I sent out emails to the pastors and staff of all the churches who had been nominated to inform them of this great honour, and I have received a few gratifying responses, gratifying if only because this indicates that the pastor or church apparently cares enough to read my email, have a look at the site, and type a response. For instance, Rev. Dr. Brook Thelander, rector of Epworth Chapel on the Green, wrote:
Thank you for honouring Epworth Chapel on the Green in your attempts to recognize churches working toward sacramental and liturgical renewal. Even though Epworth is now "independent," the core group of people who started the church were Nazarenes. I myself am an ordained Nazarene elder, and still work with the Intermountain District to get permission to minister here... Thanks for noticing what we are trying to do. It means a lot to us.
It means a lot to us, too! I have to applaud this creative and deliberate approach to being a local church that situates itself within a tradition that does not really exist (yet). What I mean is, by being a "Wesleyan-Anglican" church, they are carving out a "traditioned" identity that does not exist per se as a Tradition (proper), or which did not exist heretofore except by absence, by the gap left by the lack of any such tradition. While I suppose a very high-church Methodist congregation could describe themselves as "Wesleyan-Anglicans," as far as I know, Epworth is entirely unique in their solution to the "problem" of situating their Wesleyan-holiness identity within its proper Anglican ecclesial and liturgical tradition, of reconciling these two aspects, once inextricably joined but now almost entirely divorced.

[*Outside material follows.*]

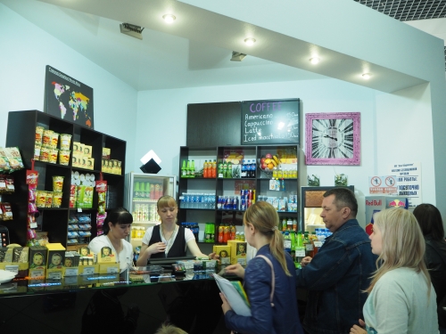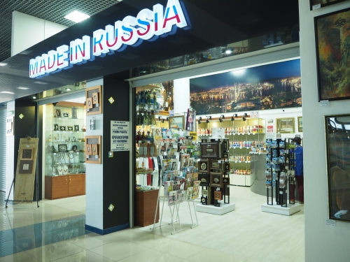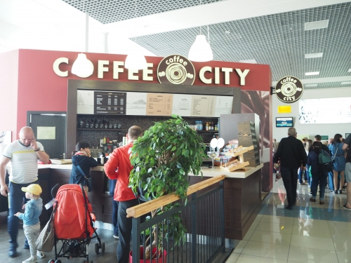 空港は2階構造です。到着ロビーとチェックインカウンターがある1階にはマトリョーシカなどの民芸品を売るお土産屋さん、シーフードや肉製品を販売するお店、ちょっとしたものが買えるコンビニのようなお店があり、飲食店としてはカフェやピザショップ、韓国料理を出すお店があります。

This testimonial about Epworth, which I ran across on another blog, seemed to me worth sharing:
We had a very good visit to Epworth Chapel on the Green in Boise yesterday. It’s a Wesleyan-Anglican church that is totally liturgical, and stresses the right kind of ecumenicity as well as evangelism. The people were exceptionally kind to us and the liturgy was wonderful. The cantors and the organist were first-rate which made it a great listening and singing experience. We were so excited to find this diamond in the rough so close at hand when it seemed like there wasn’t much around here in an Anglican stream that wasn’t totally liberal and corrupt. It was interesting to me to observe how my kids reacted to the liturgical service. They seemed interested, maybe because it is so new to them. But I think it would be a really positive environment for them to learn Christianity in...
*Sigh*...oh, to hear such things said often of Nazarenes churches. I wonder, though: would it be possible to follow Epworth Chapel's lead without becoming independent? Or was their detachment from the denomination a kind of necessary sacrifice? Is there room within the COTN for churches who are compelled to move so fully and deliberately in this direction?